In terms of rolling out the standards, we decided early on that we weren’t going to tell teams to rewrite something unless there was a strong reason, such as a critical bug that needed to be fixed. The idea was to impact projects going forward. This removed a lot of the teams’ fear and allowed them to see how the standards would improve their own decision-making process.
New Relic: What benefits have you seen so far?
Ron: There are a few. First, merely having the standards written down means that they are accessible to people in Barcelona or Portland or wherever people happen to be. It’s been a great equalizer across teams and organizations. This became even more valuable in light of the pandemic and its influence on how we work; having the standards written down, already in place, made it much easier to communicate among the teams.
Another benefit is that it’s become a great tool for our architects to help their teams learn to make better decisions. That’s because they learn from the standards and understand why we decided to handle something the way we did.
We also get improved leverage of the investment that we’ve made in tooling and libraries.
Finally, we anticipate we’ll see improved reliability as a longer-trailing indicator. This will happen over a longer period as older parts of systems get brought into line with the standards over time.
New Relic: Can you share some lessons learned or words of wisdom for other software engineering organizations that want to create engineering standards?
Ron: Absolutely! While there were many lessons learned over the past year, I would say that the most important learnings and best practices are the following:
- Write down reality: Don’t make the standards aspirational at the beginning. Instead, make them very practical and attainable to encourage everyone to understand and follow them.
- Be judicious in demands on teams: My advice to the team when we started this effort was to limit the number of standards that we put in the Require and Deprecate rings to a small handful of important things we needed teams to do. It’s easy to overwhelm teams with unfunded mandates. I’d put our conscious choice to make them primarily forward-looking in this category as well.

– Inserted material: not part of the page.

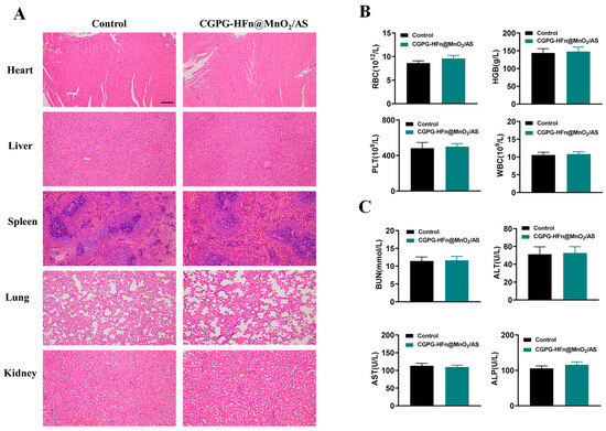 To comprehensively evaluate the in vivo safety of CGPG-HFn@MnO2/AS hydrogels, H&E staining was performed on the heart, liver, spleen, kidney, and lung tissues obtained from healthy SD rats after administration of nanoparticles. Figure 6A shows the comparison of the H&E staining results between rats in the control and treatment groups. It was worth noting that no obvious pathological changes in morphology were found in the examination of all organs. In addition, blood samples were collected for hematological and serum biochemical analysis. As shown in Figure 6B, the results of hematological analysis showed that there were no significant differences in the concentrations of WBCs, RBCs, HGBs, and PLTs between the groups, all of which were within the normal physiological range. In addition, the biochemical analysis in Figure 6C showed that the levels of BUN, AST, ALT, and ALP in all groups were within the normal range, and there were no significant differences between the treatment groups. Therefore, the above results indicated that CGPG-HFn@MnO2/AS hydrogels had good safety.

It is unlikely for teams to have sufficient space in their roadmaps for rewrites, and asking teams to rewrite things merely to adopt the standards is a recipe for disappointment.

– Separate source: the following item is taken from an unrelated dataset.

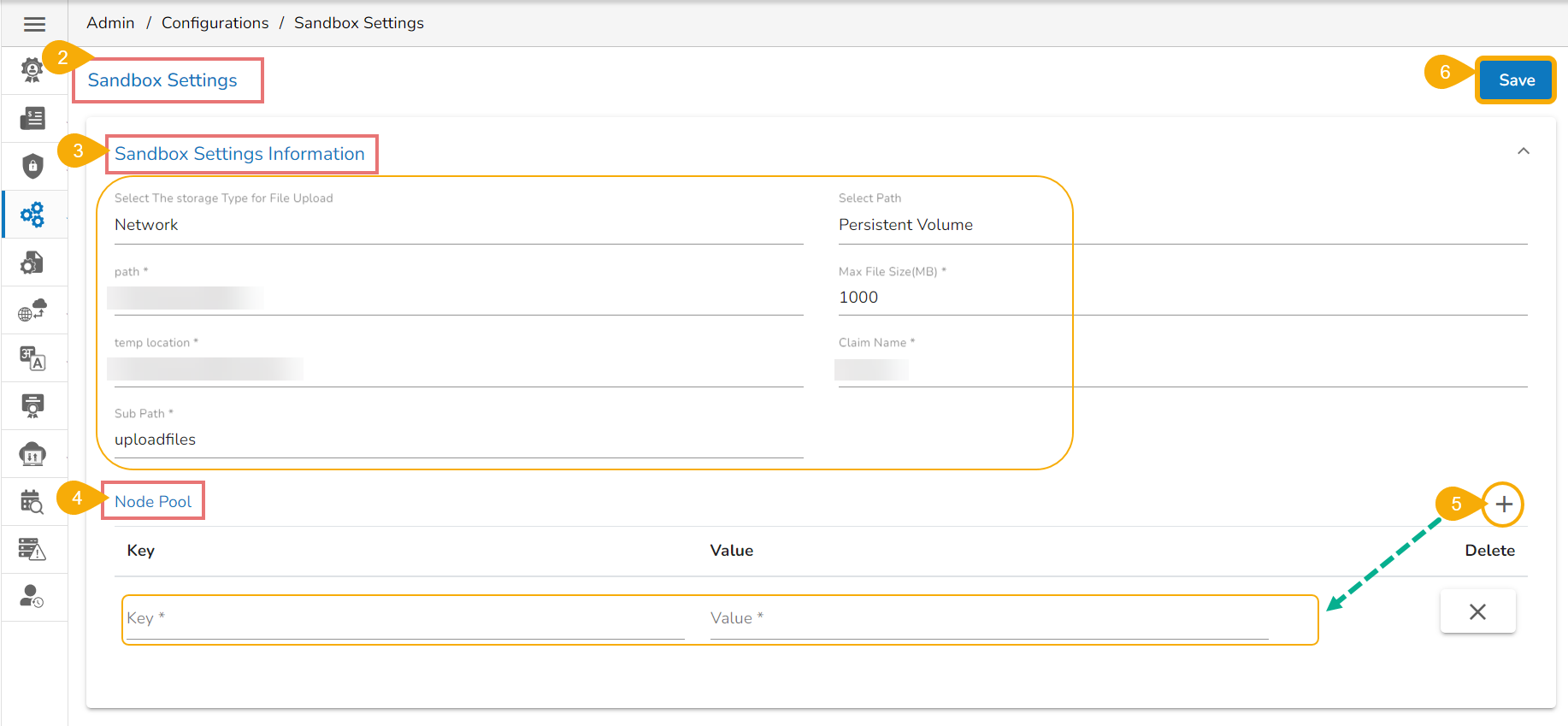 Provide the following mandatory information for the Sandbox Settings:

- Give non-architects a voice: Originally, we focused on working within the architecture team but realized that non-architect principal engineers needed to be involved as well; they bring a different perspective to the table. Our open process also helps to bring in other voices.
- Communicate widely and often: Everyone needs to hear why standards are needed and reduce the FUD around them. Communicating across the organization about what we were doing helped the architects sell it to their teams when it was time to roll it out.
- Get an executive sponsor: Like any change management process, you need a strong executive champion behind the effort to help get everyone aligned on why it’s important for the company to do this.
New Relic: What’s up next for the engineering standards?
Ron: We endeavor to publish quarterly updates to the engineering standards so that they continue to evolve as New Relic continues to innovate. We’re currently on our third release of the standards since we introduced them.
The next thing we’re doing is building a scorecard of how well our teams are doing with respect to the standards. This scorecard will also reflect on the standards themselves, giving the architecture team some direction for where to take the standards. While that requires a bit of value judgment around the importance of certain standards, we will be focusing on the ones that impact either velocity or incidents. The scorecard will then show us whether there is a correlation between a higher degree of standards compliance and fewer incidents, for example, or higher velocity.
Further down the road, we’ll be looking at open-sourcing our standards tooling and maybe even the standards themselves.